EU fined the American confectionery giant Mondelez for EUR 337.5 million

Kyiv  •  UNN

May 23 2024, 01:45 PM • 14664 views

The European Commission fined Mondelez EUR 337.5 million for anti-competitive behavior.

The European Commission has fined the American confectionery giant Mondelez €337.5 million for anti-competitive behavior in artificially inflating food prices and exacerbating the cost of living crisis in the EU, the European institution said on Thursday, UNN reports citing Euractiv.

Details

European Competition Commissioner Margrethe Vestager said that the food giant, which owns several household brands including Cadbury, Oreo and Cote d'Or, illegally restricted cross-border trade and abused its dominant position in the chocolate market from 2006 to 2020.
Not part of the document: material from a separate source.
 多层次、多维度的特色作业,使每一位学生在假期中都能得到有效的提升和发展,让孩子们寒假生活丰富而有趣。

According to a European Commission investigation that began in 2019, "[Mondelez] restricts cross-border trade in chocolate, biscuits, and coffee products within the European Union," Vestager said.
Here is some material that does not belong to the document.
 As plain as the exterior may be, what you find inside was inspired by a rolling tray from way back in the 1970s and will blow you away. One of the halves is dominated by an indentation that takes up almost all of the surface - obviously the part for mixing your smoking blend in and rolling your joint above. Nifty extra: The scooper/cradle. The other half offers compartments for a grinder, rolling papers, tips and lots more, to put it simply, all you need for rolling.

"[It] unlawfully restricted retailers from sourcing these products from EU member states where prices are lower, and this allowed Mondelēz to maintain higher prices. This caused damage to consumers, who ended up paying more for chocolate, cookies and coffee," she said.

Vestager added that Mondelēz's attempts to limit so-called "parallel" trade - where traders buy products in low-price regions to resell them in higher-price areas - violate the EU's "fundamental freedom" of barrier-free cross-border trade.
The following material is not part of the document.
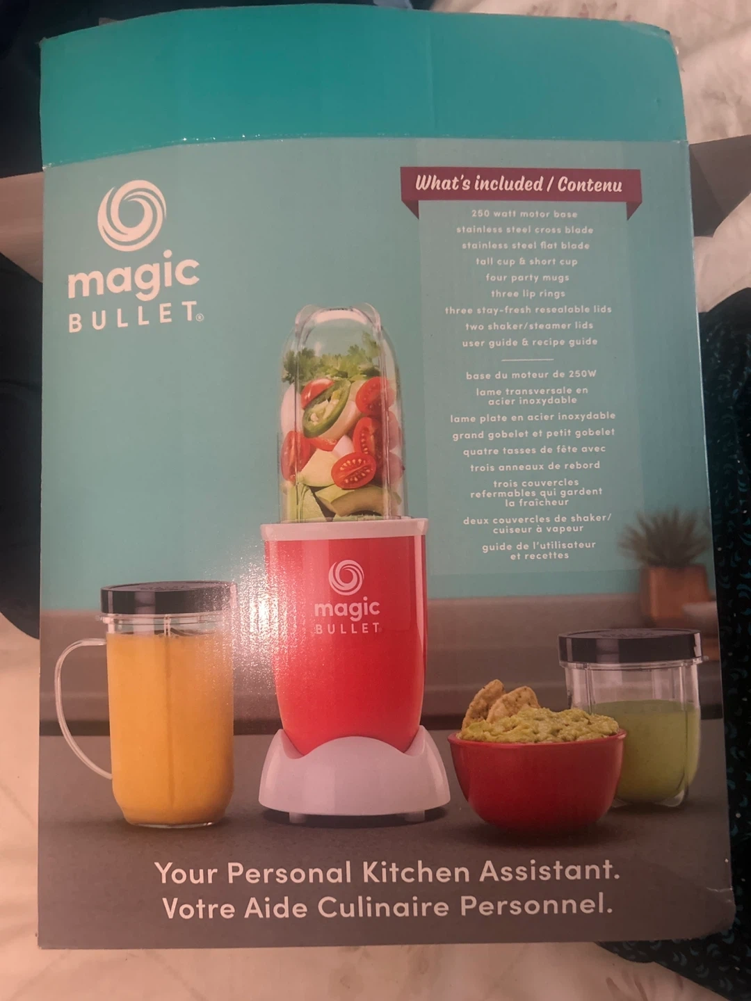 Selling a Magic Bullet blender set! It comes with a 250-watt motor base, stainless steel cross blade, and stainless steel flat blade. Also included are a tall cup and short cup, four party mugs, three lip rings, three stay-fresh resealable lids, two shaker/steamer lids, and a user guide and recipe guide. Perfect for making smoothies and more.

She pointed out that Mondelēz's anticompetitive practices have exacerbated financial anxiety among EU citizens at a time when many are still suffering from the impact of high inflation and a widespread cost-of-living crisis.

The crisis in the cost of living of EU citizens, as the publication points out, is taking place against the backdrop of huge profits in many large corporate sectors: Mondelez itself reported a gross profit of $13.8 billion in 2023.

In a statement, Mondelez said that the European Commission's decision "concerns historical, isolated incidents, most of which were stopped or eliminated long before the European Commission's investigation began.

"This historical issue does not reflect who we are and the strong compliance culture we strive for," the company added.